If issues persist after completing these checks, contact TechSupport with the necessary information.

Verify that the indexing database is running

The cluster health status can be checked using the following API call: GET /_cluster/health.

This query can be sent to the database node using a query tool or by accessing the following URL in a browser: http://node_address:9200/_cluster/health?pretty.

Note

Use https: instead of http: if TLS is enabled.

An example output is shown below:

{
    "cluster_name": "DMS",
    "status": "green",
    "timed_out": false,
    "number_of_nodes": 11,
    "number_of_data_nodes": 10,
    "discovered_master": true,
    "discovered_cluster_manager": true,
    "active_primary_shards": 649,
    "active_shards": 1728,
    "relocating_shards": 0,
    "initializing_shards": 0,
    "unassigned_shards": 0,
    "delayed_unassigned_shards": 0,
    "number_of_pending_tasks": 8,
    "number_of_in_flight_fetch": 0,
    "task_max_waiting_in_queue_millis": 0,
    "active_shards_percent_as_number": 100.0
}

The most important parameters in this message are:

status: The expected status is green. yellow means the cluster is impacted but all data is still available through redundancy mechanisms. red means the cluster is impacted and some data cannot be retrieved.
number_of_nodes: If you know how many nodes are normally in the cluster, this parameter allows checking if any nodes are offline.
unassigned_shards: The expected value is 0. A count higher than 0 indicates that some data is partially unavailable.

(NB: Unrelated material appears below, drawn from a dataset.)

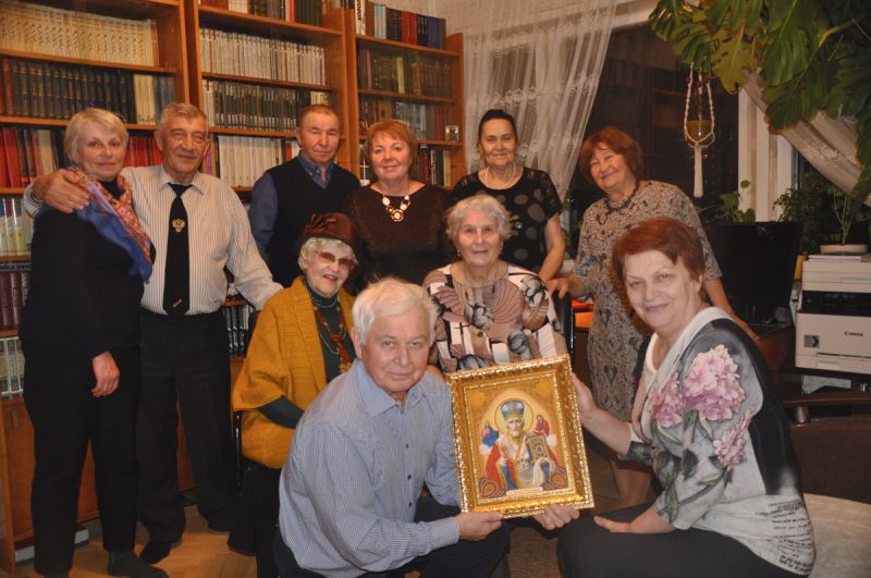 Много пели. Заводилой в этом занятии была Людмила Мусатова – музыкальный работник детского сада. Хохотали чуть не до упаду, разве что только вприсядку не плясали. Вспомнили дни рождения всех наших членов клуба. Александра Андреевна Василишина в этот день Святочной седмицы подарила Анатолию Петровичу Ефимову икону святителя Николая Чудотворца собственноручной работы с применением алмазной росписи.

If the health status is not retrieved, it means that the database node at the given address is not running.

Further steps:

flowchart TD
    %% Define styles %%
    linkStyle default stroke:#cccccc
    classDef classTerminal fill:#1e5179,stroke:#1e5179,color:#ffffff,stroke-width:0px;
    classDef classDecision fill:#4baeea,stroke:#4baeea,color:#ffffff,stroke-width:0px;
    classDef classExternalRef fill:#9ddaf5,stroke:#9ddaf5,color:#1E5179,stroke-width:0px;
    classDef classActionClickable fill:#999999,stroke:#999999,color:#ffffff,stroke-width:0px;
    classDef classAction fill:#dddddd,stroke:#dddddd,color:#1E5179,stroke-width:0px;
    classDef classSolution fill:#58595b,stroke:#58595b,color:#ffffff,stroke-width:0px;
    %% Define blocks %%
    A[Open the URL in a browser: <a href="http://node_address:9200/_cluster/health?pretty">http://node_address:9200/_cluster/health?pretty</a>]
    B[Are all nodes present?]
    AB[Does the database node respond?]
    Z[The health status is 'green'.]
    C[Are all shards assigned?]
    D[Verify indexing database connectivity]
    E[Check DataMiner's connection to the indexing database]
    F[Resolve shard allocation issues]
    Y[Are you still experiencing issues even though all checks are OK?]
    X[Report the issue to TechSupport]
    %% Connect blocks %%
    A --- AB
    AB --- |No|D
    AB --- |Yes|B
    B ---|Yes| C
    B ---|No| D
    C --- |Yes|E
    C --- |No, some shards are unassigned.|F
    E --- Z
    Z --- Y
    Y --- X
    %% Define hyperlinks %%
    click E "#check-dataminers-connection-to-the-indexing-database"
    click F "#resolve-shard-allocation-issues"
    click D "#verify-indexing-database-connectivity"
    click X "#are-you-still-experiencing-issues"
    %% Apply styles to blocks %%
    class Z classTerminal;
    class Y,AB,B,C,G,H,I,J classDecision;
    class X,A,E,F,D classExternalRef;

Check DataMiner's connection to the indexing database

Watchdog reports

Watchdog reports are generated every hour and contain the most important Agent status parameters. The most recent report can be found in the following folder: C:\Skyline DataMiner\logging\WatchDog\Reports\Pending Reports. The reports are named using the following format [timestamp]_Report_[extra_timestamps].xml.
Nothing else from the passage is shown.